REQUIRED WORK: Although pictures appear in the data, the answer should contain only the lines from its start through the line with "今日の道徳では、人には相手が", written out exactly.

Data extracted from a collection:
====

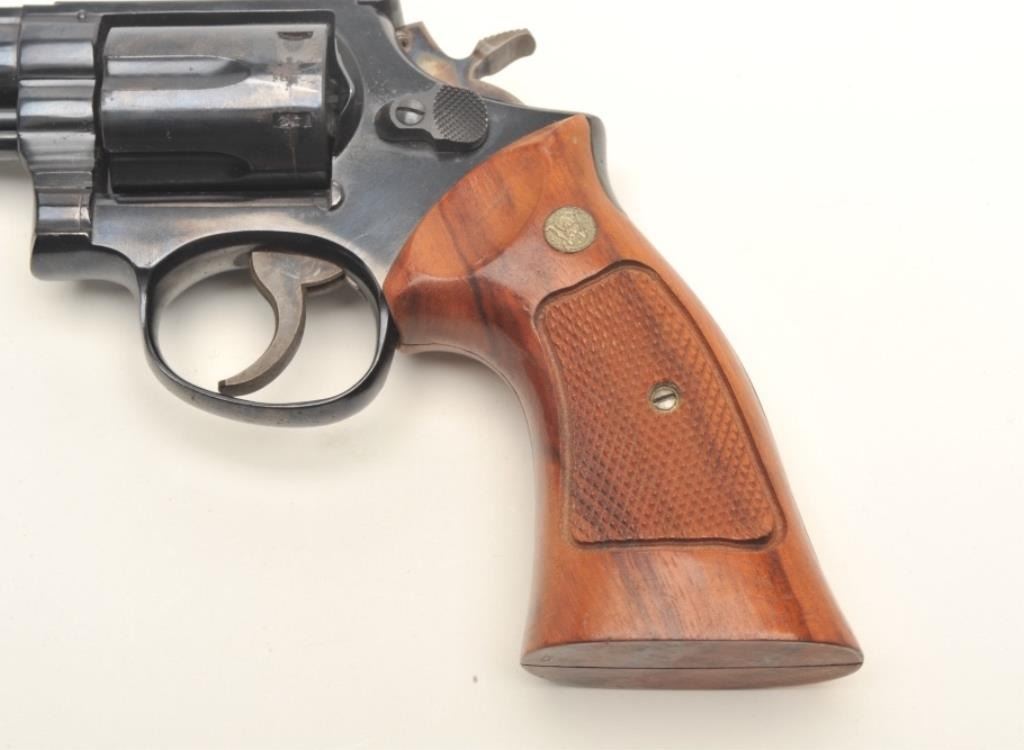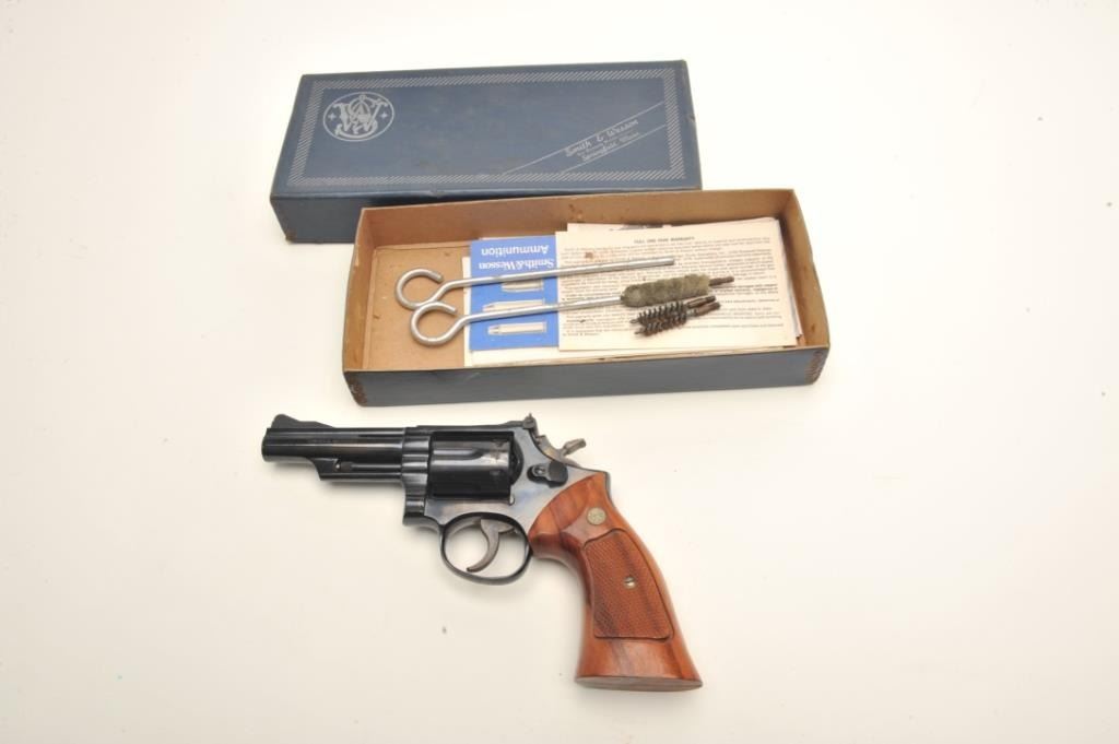 Smith & Wesson Model 19-3 DA revolver, .357 Magnum caliber, 4” barrel, blued finish, checkered wood medallion combat grips, S/N 7K17920, in overall near fine condition showing the majority of original finish witha couple of scattered spots of surface erosion from storage; fine bore, crisp action, sharp markings and overall fine grips; accompanied by a factory two piece cardboard blue box with end label numbered to this gun; also instructions and cleaning rod included. (Modern/PPT). Est.: $300-$600.
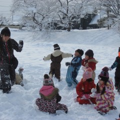 ソリ遊びや、自由遊びでは雪だるま作りや雪合戦をして、とても嬉しそうなさくら・すみれ組さんでした。
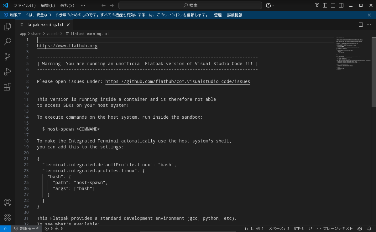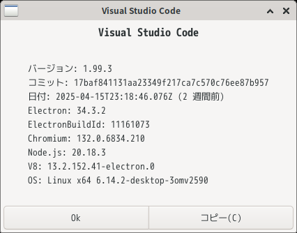 1. 概要 開発環境として、「Visual Studio Code」を使用します。 2. インストール 「gnome-software」で、「Visual Studio Code」を検索して、インストールします。 3. 起動 「スタート」→「開発」→「Visual Studio Code」
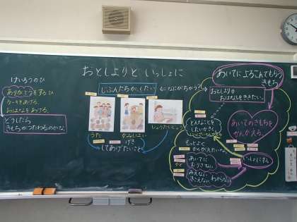 今日の道徳では、人には相手が喜ぶことをしたいと願う心があることがわかりました。敬老の日の話題を出すと、はじめは、プレゼントをすることが「ありがとう」の気持ちなのだと言っていた子供たちでした。ですが、話し合い後の振り返りノートでは、「おじいちゃんに釣りを教えてもらいたい」「おばあちゃんと一緒にシチューを作りたい」など、相手の気持ちを考えていてすてきだな、と思いました。
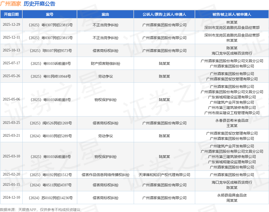 案号:(2025)粤0307民初23815号根据统计,近一年内以广州酒家集团股份有限公司为当事人的历史开庭公告有12则,其中案由为“侵害商标权纠纷”的公告以4则居首,其次为“不正当竞争纠纷”有2则,“劳动争议”有2则。历史开庭公告如下:
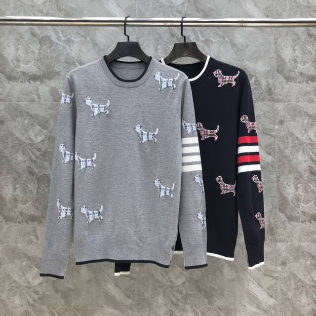 All over jacquard puppy round neck sweater Size: 1-4 Color: gray, blue
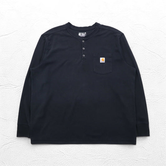 Carhartt ヘビーウェイト ロングスリーブ サーマル ヘンリーネック ロンT 2XL RELAXED FIT ブラック 104429 TK4429
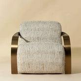 Sillón de acento tapizado en polyester color beige, con diseño redondeado y brazos de acero inoxidable en acabado dorado. Su forma suave y elegante lo hace ideal para cualquier sala o rincón, agregando un toque moderno y luminoso a tu espacio.

====

WRITTEN ANSWER:
 Smith & Wesson Model 19-3 DA revolver, .357 Magnum caliber, 4” barrel, blued finish, checkered wood medallion combat grips, S/N 7K17920, in overall near fine condition showing the majority of original finish witha couple of scattered spots of surface erosion from storage; fine bore, crisp action, sharp markings and overall fine grips; accompanied by a factory two piece cardboard blue box with end label numbered to this gun; also instructions and cleaning rod included. (Modern/PPT). Est.: $300-$600.
 ソリ遊びや、自由遊びでは雪だるま作りや雪合戦をして、とても嬉しそうなさくら・すみれ組さんでした。
 1. 概要 開発環境として、「Visual Studio Code」を使用します。 2. インストール 「gnome-software」で、「Visual Studio Code」を検索して、インストールします。 3. 起動 「スタート」→「開発」→「Visual Studio Code」
 今日の道徳では、人には相手が喜ぶことをしたいと願う心があることがわかりました。敬老の日の話題を出すと、はじめは、プレゼントをすることが「ありがとう」の気持ちなのだと言っていた子供たちでした。ですが、話し合い後の振り返りノートでは、「おじいちゃんに釣りを教えてもらいたい」「おばあちゃんと一緒にシチューを作りたい」など、相手の気持ちを考えていてすてきだな、と思いました。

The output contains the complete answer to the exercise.